Варлам Шаламов

Предисловие

Публикуя «Вишерский антироман», И.П. Сиротинская оговаривала, что это незавершенное произведение, и даже состав его не был окончательно определен автором[1]. То, что было начато В.Т. Шаламовым в начале 1960-х гг., значительно расширено в 1970 г. и впервые увидело свет в 1989 г., представляло собой основной корпус глав, доведенных до стадии беловой рукописи. Черновых вариантов в архиве было немного, и И.П. Сиротинская сочла необходимым включить в первую публикацию два из них — «Поездка в Вижаиху» и «Голубые штаны» (последнее являлось сильно сокращенным, сжатым в короткую новеллу, вариантом главы «М. А. Блюменфельд»). При этом она замечала:

«Каждое свидетельство о лагере, тем более о лагере 20-х годов, ценно не только с точки зрени его художественности, но и как исторический источник. Поэтому представляется полезной публикация некоторых вариантов текста, содержащих какие-то новые факты, мысли автора, черточки лагерного быта»[2].
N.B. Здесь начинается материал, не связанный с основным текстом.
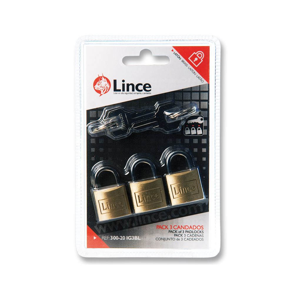 LINCE - Cadenas À Cylindre, Double Verrouillage - Laiton - 3 Pcs Avec 4 Cl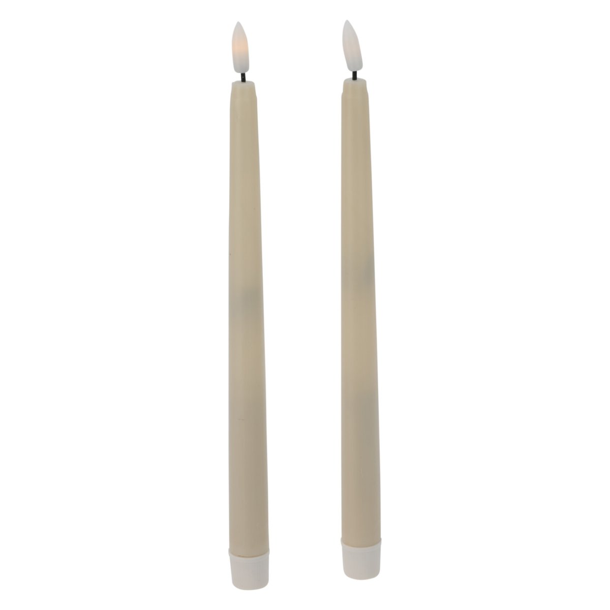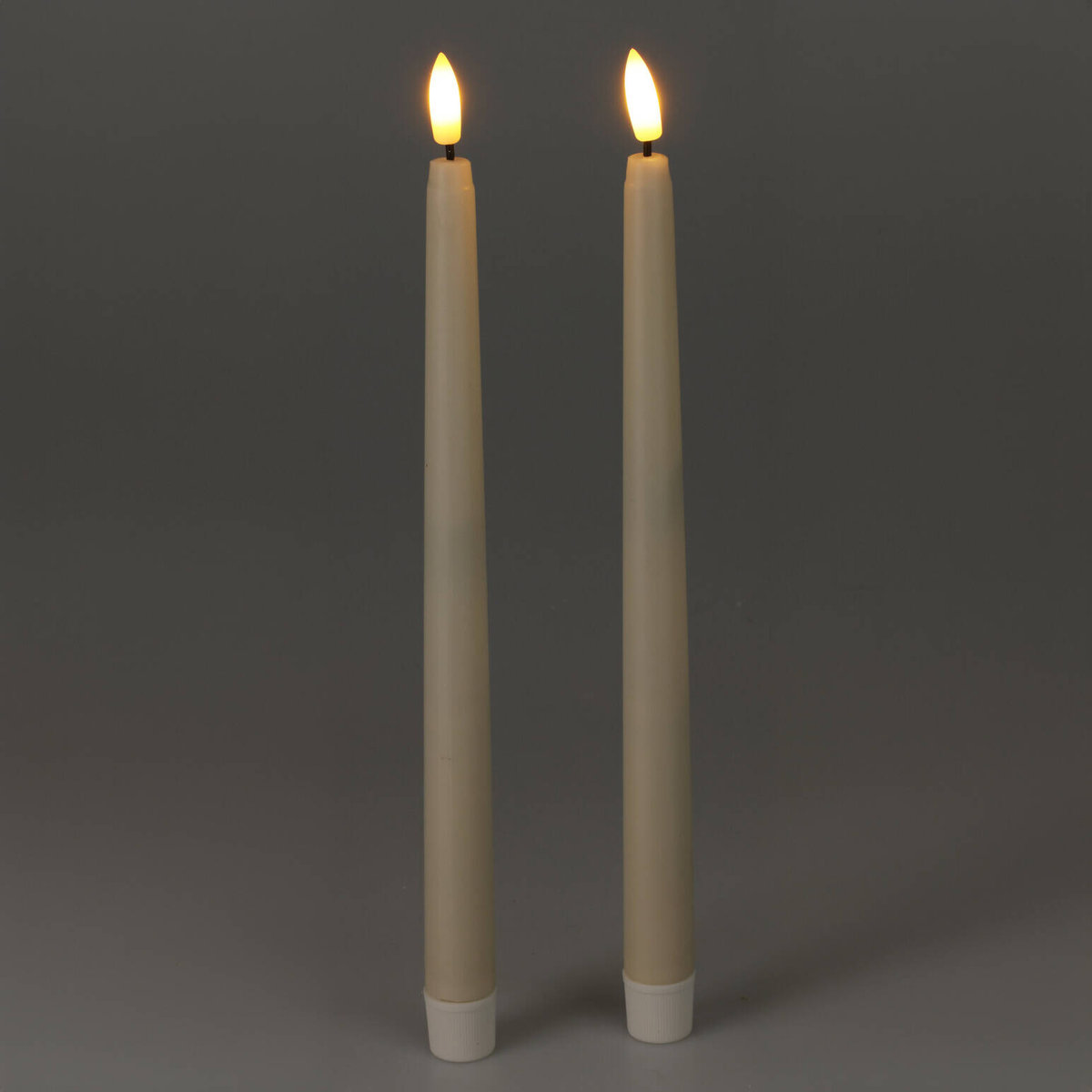 Elegancki design: Woskowane świece stołowe z LED o wysokości 27 cm w kolorze beżowym dodają subtelnego uroku każdemu wnętrzu. Ich klasyczny kształt sprawia, że idealnie wpasują się w różnorodne aranżacje.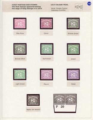 Postage Dues. 1914 2d colour trials (9) selection neatly arranged on an album page comprising pale rose, claret, bronze-green, bronze-olive, dull green, green, light green, mauve and violet; all large part og. Also three issued stamps. Generally good to fine. (12). SG D4 var
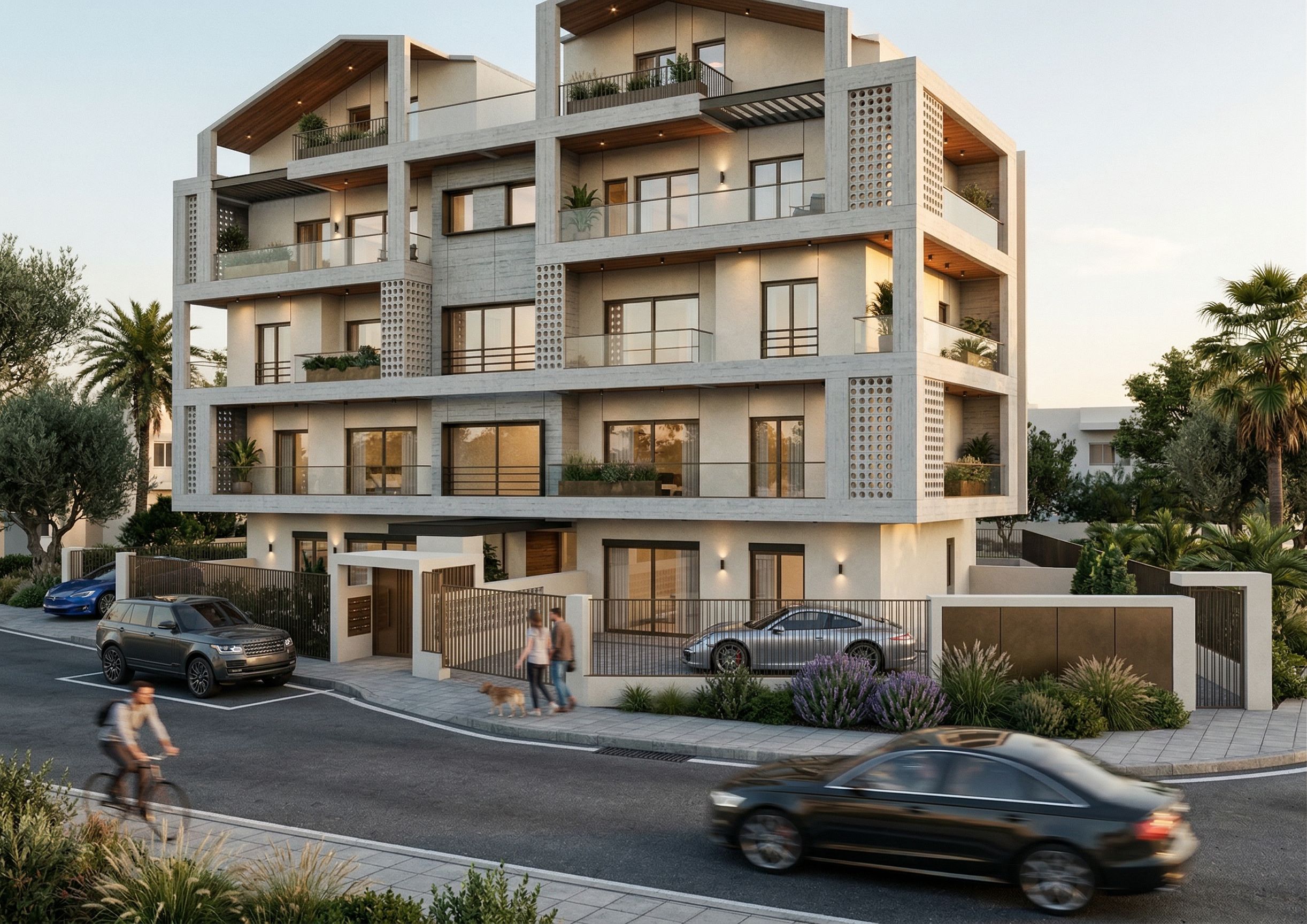 PromptModern block with large bronze windows, materials such as concrete,vanilla plaster,metal, Cement Breeze Blocks surrounded with greenery. Put at the left side in front of the left window a car . Also put at the left side of the building a car. Put at the right side in front of the big window a car and add besides this car a few bushes. Put in front of our building a road with a car. , keep exact camera angle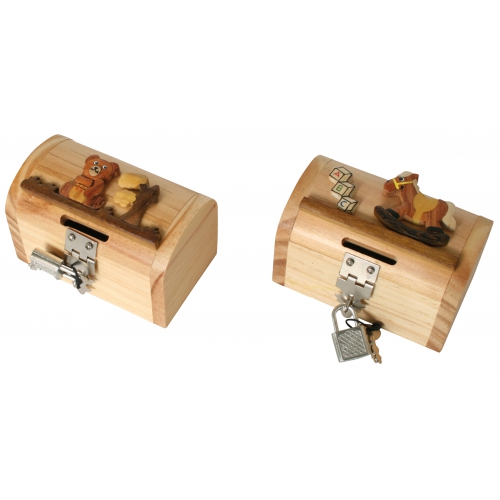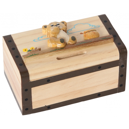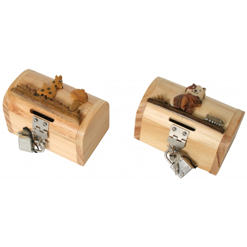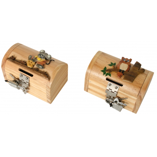 Sparen aus Naturholz mit Tierdesign. Enthält Farbstifte, die es ermöglichen, das Design jeder Sparkasse zu personalisieren. Enthält ein praktisches unteres Loch für einen einfachen Zugang zu den Ersparnissen, ohne sie zerbrechen zu müssen.

Такой подход являлся абсолютно верным и с позиции литературоведения, и с позиции читательских интересов. Хотя черновые варианты произведений любого автора обычно публикуются лишь в академических изданиях, случай с «Вишерским антироманом» Шаламова во всех отношениях исключителен. Разумеется, присваивать черновым вариантам значение, равное «каноническому» тексту, нельзя, ибо их содержание не отвечает последней воле писателя, а отражает промежуточный этап работы.

Это хорошо понимал и Ю.А. Шрейдер, в руки которого в сентябре 1978 г. при экстраординарных обстоятельствах[3] попали, в числе других важных материалов, черновые машинописи «Вишерского антиромана». Они были весьма объемны — около 120 страниц, содержали множество опечаток и пустых мест, оставленных машинисткой (из-за неразборчивости почерка писателя), и при этом не имели каких-либо следов авторской правки. Что делать с этим, несомненно, очень важным, но явно проблемным материалом, Ю.А. Шрейдер не знал — по крайней мере, он вполне разумно не стал передавать эти тексты через посредников на Запад, в противоположность тому, как это было сделано им в ситуации с машинописью «Четвертой Вологды» (тоже не правленой автором, но напечатанной в Париже, в издательстве «ИМКА-Пресс» в 1985 г.)[4].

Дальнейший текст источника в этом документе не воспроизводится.